Search our Food Service Establishment Inspection List


Food facilities are inspected according to the level of risk presented. The type products served & number of steps involved determine this. Facilities determined to be High Risk are inspected at least once a year. The schools are required to be inspected at least two times per year. Other facilities of Medium Risk are inspected at least every 15 months & Low Risk facilities every 18 months. If there are critical violations a re-inspection will be conducted within 10 working days unless the matter can be corrected during inspection. All facilities are inspected and/or field visit made if a complaint is received. Facilities can be placed on “Work Order” and/or closed for failing to comply with critical violations.


The on-line reports will list the inspection date and the number of critical & non-critical violations. If you are interested in the actual inspection report, please set up time to view facility records or make copies. All inspections are a matter of public record.


Critical violations deal with issues which could lead to a food-borne illness and involve areas of employee health, hygienic practices, cleaning of food contact surfaces, food temperatures, storage, source, insect/rodent controls, chemical storage/use. Non-critical violations as a general rule deal with non-food contact surfaces and issues that don’t lead to food-borne illness but are important to proper operation of facility. Non-critical violations should be corrected before next inspection date. If you have more than 12 non-critical violations the facility will be placed on “Work Order”.

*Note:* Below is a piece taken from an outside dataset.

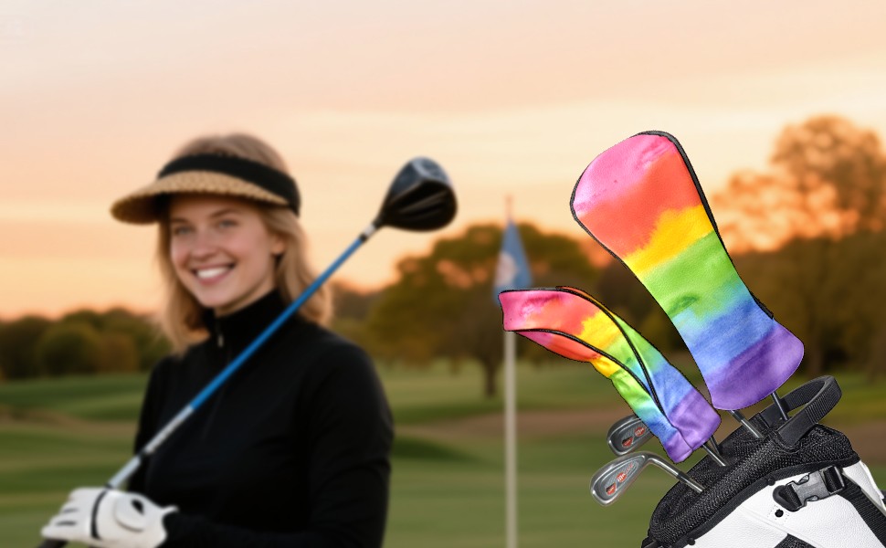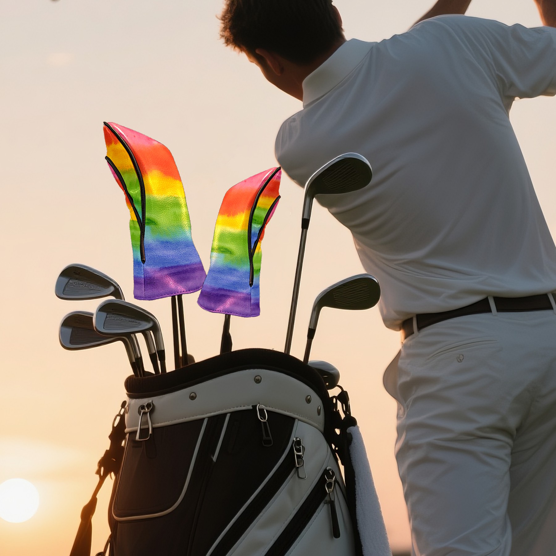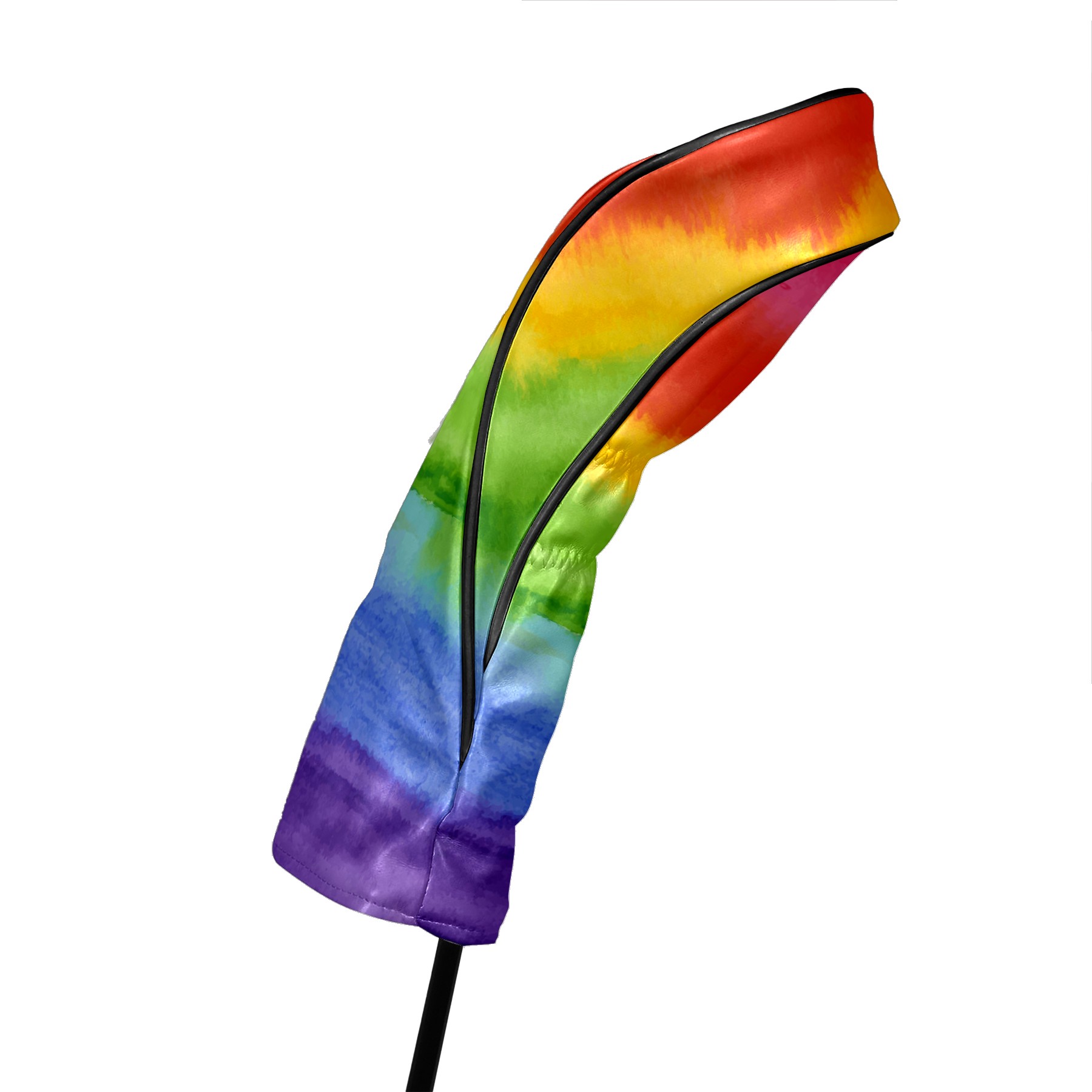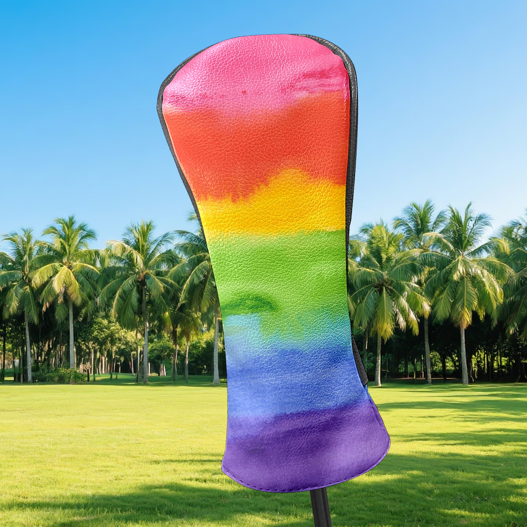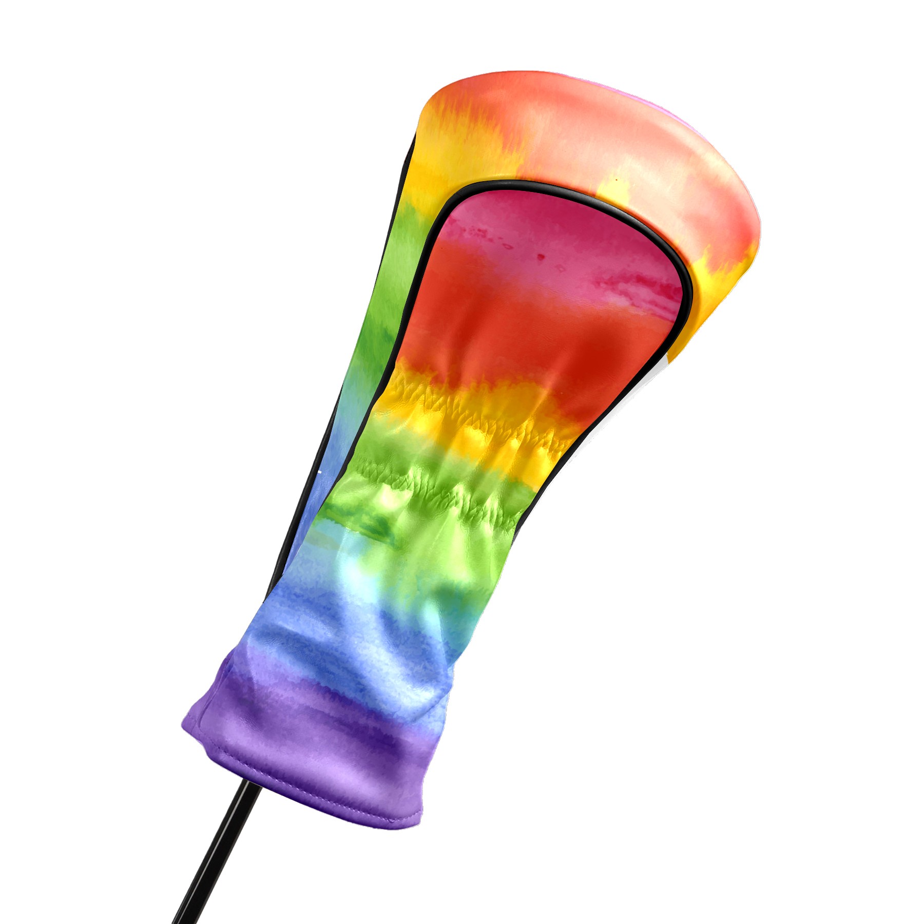 Golf Club Head Cover Premium Leather Driver Headcover, Golf Head Covers for Woods and Driver Waterproof Golf Headcovers with Anti-Scratch Lining for Men Women (Watercolor Rainbow Tie Dye)

Foods approved for sale at Farmers Markets, Craft Fairs & Bake Sales


There are often questions as to what products can be sold without inspection. Effective August 28, 2005 state statutes were changed to exempt religious, charitable, and non-profit organizations that are selling non-potentially hazardous foods from all state laws and regulations relating to food inspection. To be exempt you must sell these non-potentially hazardous foods at their religious event or at charitable functions or activities.


Another statute change affects the producers of jams, jellies and honey where annual sales don’t exceed $30,000. These food products must be sold to the end consumer; there can’t be any middleman. There shall be a placard displayed in a prominent location stating the following: This product has not been inspected by the Department of Health. The jam, jelly or honey containers must bear the name and address, common name of the food, list of multiple ingredients and statement that it is not inspected product. County & local ordinances can be more stringent than state statutes.


The following foods can be sold at farmers markets, religious and charitable events.

*Breads, candy, brownies, fruit pies, cookies and cakes

*Whole uncut fruits and vegetables

*Frozen meat from inspected processor

*Jams, jellies and honey

*Fresh (not sealed) refrigerated salsa from inspected facility

*Eggs from a licensed source and refrigerated at 45 degrees


The following foods cannot be sold.

* Meat from sources not inspected.

* Pies containing eggs, milk or milk products including pumpkin, sweet potato or cream pies.